Each line from the one with "Preek van den bisschop van Münster juli 1941" through the last line below must be written out exactly. Do not copy pictures.

Segment Start: Input material

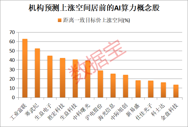 二级市场表现来看,上述31只AI算力概念股中已诞生多只翻倍大牛股,未来股价是否还有上行空间?机构的研报或能提供一定参考。据数据宝统计,根据5家以上机构一致预测,以3月16日收盘价与机构一致预测目标价相比,13股上涨空间达到10%以上,如工业富联、寒武纪、生益电子、胜宏科技、生益科技等。
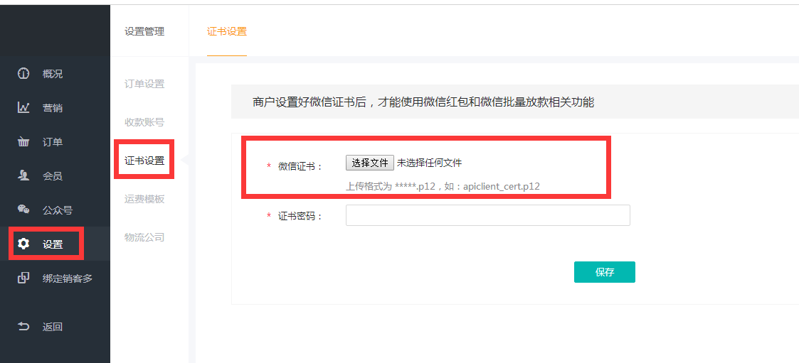 將下載的證書解壓后上傳apiclient_cert,將其證書上傳配置到云魔方后臺 ,證書密碼即商戶號。
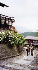 The Nakasendo (literally, Center Mountain Road) was, and is, an Edo period (1603-1867) highway, one of five built to connect areas of Japan. Originally, the Nakasendo linked Kyo (Kyoto), in the east to Edo (Tokyo) in the west, and as the name implies, ran through the center of Honshu (the largest island of Japan, called the Mainland). Like its better known cousin, the Tokaido, which ran along the Pacific coast, the Nakasendo provided a valuable link for commerce as well as official government business. Some 30 daimyo (powerful feudal lords who ruled over domains, or hans, and had retainers –Samurai. In modern times hans were replace by a prefecture system) and their attendants, as well as lesser samurai, merchants, commoners, royalty and imperial officials, traveled the Nakasendo throughout the Edo Period. It provided a principle political link between the city symbolic of both the emperor, and cultural (Kyoto) and the Tokugawa military capital (Edo) from where the Tokugawa Shoguns (a hereditary title and rank given to the head of the military government) controlled the country.
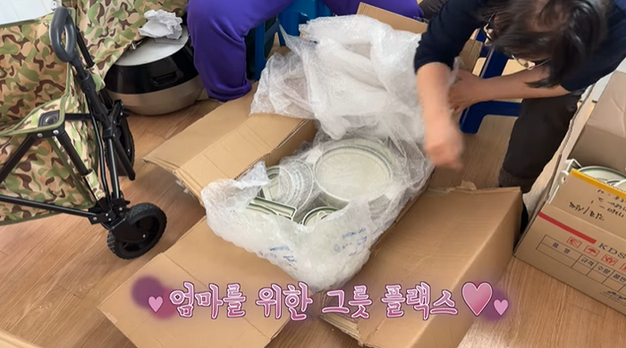 먼저 이국주는 엄마를 위해 준비한 그릇 3박스부터 정리했다. 남다른 그릇 플렉스에 이국주의 엄마도 소녀 같은 모습으로 좋아했다.
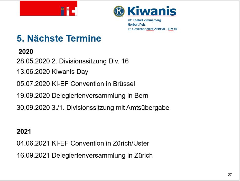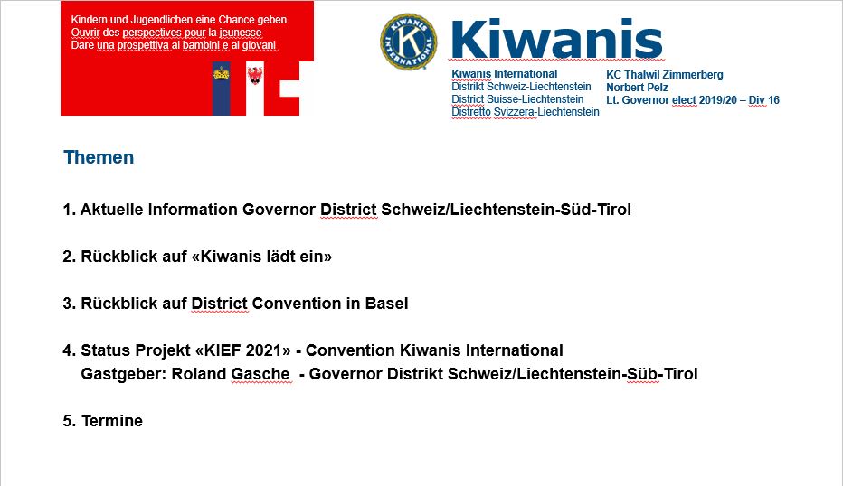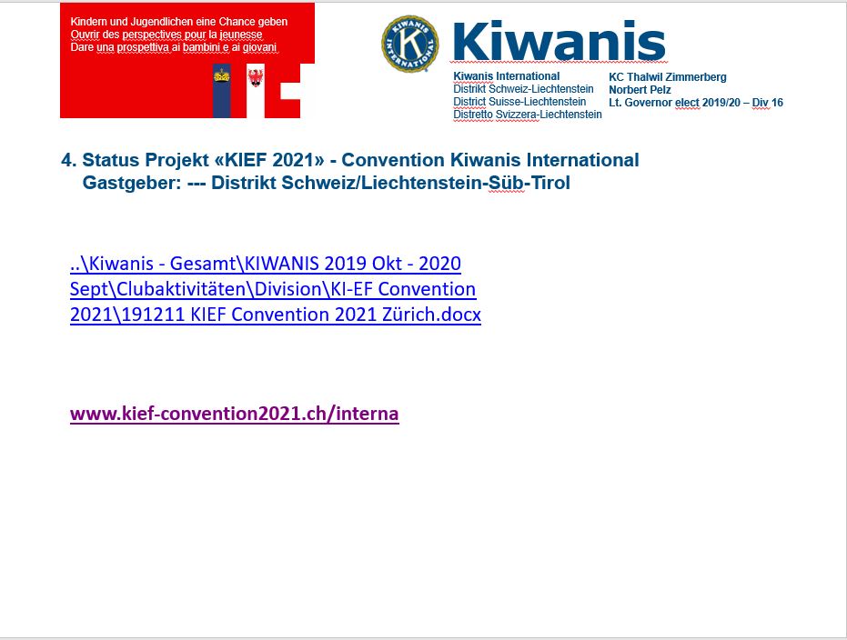 Im folgenden einige Folien aus der Präsentation. Die vollständige Präsentation ist in MyKiwanis abgelegt. |
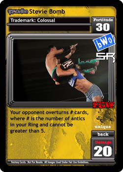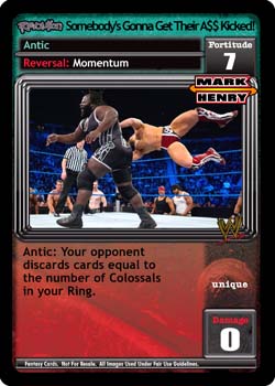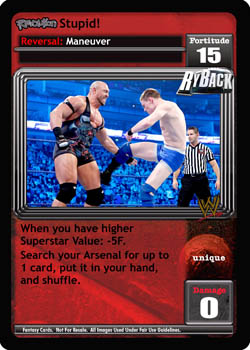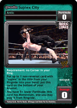 Requirement: no Corner in your Ring. Put up to 1 non-reversal card with 'suplex' in the title from your Ringside into your hand: put this card on the bottom of your Arsenal. You have 5+ lower Fortitude: this card has Momentum, and you may play it from Ringside.
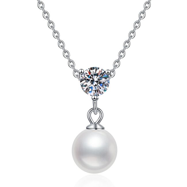 - Color Palette: Classic white pearl complemented by brilliant clear moissanite in polished silver setting
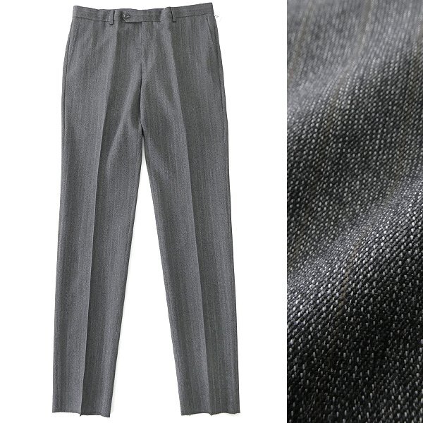 ※ハンガーは付属いたしません※ A6サイズ(標準体型のLサイズ相当) 胸囲94 胴囲82 身長175 ウエスト85 ※写真は別サイズを使用している場合がございます※ ※商品に記載されたサイズ・寸法です※ 【ジャケット】 肩幅45.5cm 身幅52cm 袖丈61.5cm 着丈73cm 【スラックス】 ウエスト85cm(内回り1周) 股上25.5cm 股下90cm 裾幅18.5cm 腿幅29cm(股下10cm部分) 表地:毛99% ポリエステル1% (ポリエステル1%は装飾糸として使用) 胴裏:ポリエステル100% 袖裏 上部(ストレッチ部分):ポリエステル65% 複合繊維(ポリエステル)35% 下部:キュプラ100% 下衣裏地:ポリエステル100% グレー×ブラウン |
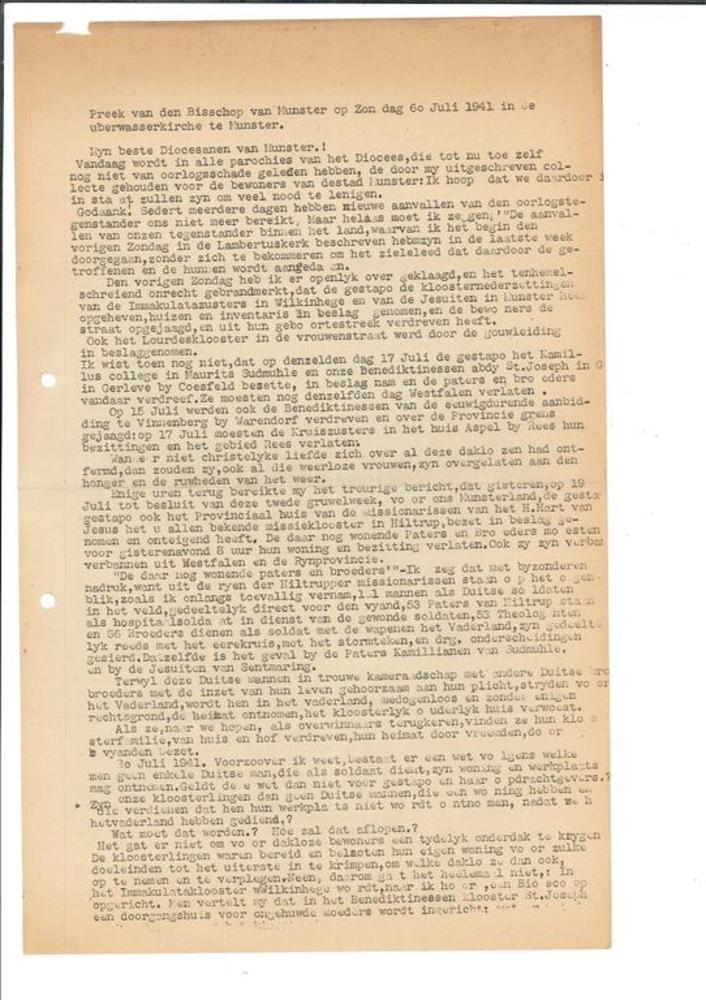 Preek van den bisschop van Münster juli 1941
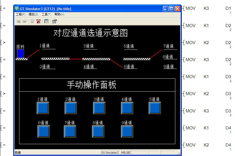 是一個手動操作程序;是這樣的,一個人坐在輸送帶產品進口處,總操作控制箱旁用自己眼睛判斷,手動操作控制120多米長的輸送帶上面的產品對應的12個產品通道,來進行控制分檢,每個通道分一個操作按鈕來坐著手動控制不同產品,不同的規格在對應道口進行人庫包裝。(總控制箱上12個控制對應著12個道口出口)比如;我看到在輸送走來這個產品是3號道口的,我按3號道口按鈕,當輸送產品走到3號道口時3號道口的光電的到信號,汽缸工作門打開產品從3號道口出去。就是這樣只要按對應的按鈕,產品就在對應的道口出去。
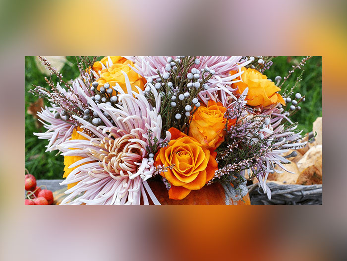 A pumpkin serves as an ideal vase for an autumn floral arrangement filled with vibrant colors and textures. By following step-by-step directions, one can create this stunning display, making it a great opportunity to host a DIY workshop for customers. This not only enhances the customer experience but also fosters a greater appreciation for flowers, while expanding your clientele. Gather essential materials like floral foam, Rio Bi-color Roses, and other fillers to begin.

Segment End: Input material

Answer box:
 Preek van den bisschop van Münster juli 1941
 是一個手動操作程序;是這樣的,一個人坐在輸送帶產品進口處,總操作控制箱旁用自己眼睛判斷,手動操作控制120多米長的輸送帶上面的產品對應的12個產品通道,來進行控制分檢,每個通道分一個操作按鈕來坐著手動控制不同產品,不同的規格在對應道口進行人庫包裝。(總控制箱上12個控制對應著12個道口出口)比如;我看到在輸送走來這個產品是3號道口的,我按3號道口按鈕,當輸送產品走到3號道口時3號道口的光電的到信號,汽缸工作門打開產品從3號道口出去。就是這樣只要按對應的按鈕,產品就在對應的道口出去。
 A pumpkin serves as an ideal vase for an autumn floral arrangement filled with vibrant colors and textures. By following step-by-step directions, one can create this stunning display, making it a great opportunity to host a DIY workshop for customers. This not only enhances the customer experience but also fosters a greater appreciation for flowers, while expanding your clientele. Gather essential materials like floral foam, Rio Bi-color Roses, and other fillers to begin.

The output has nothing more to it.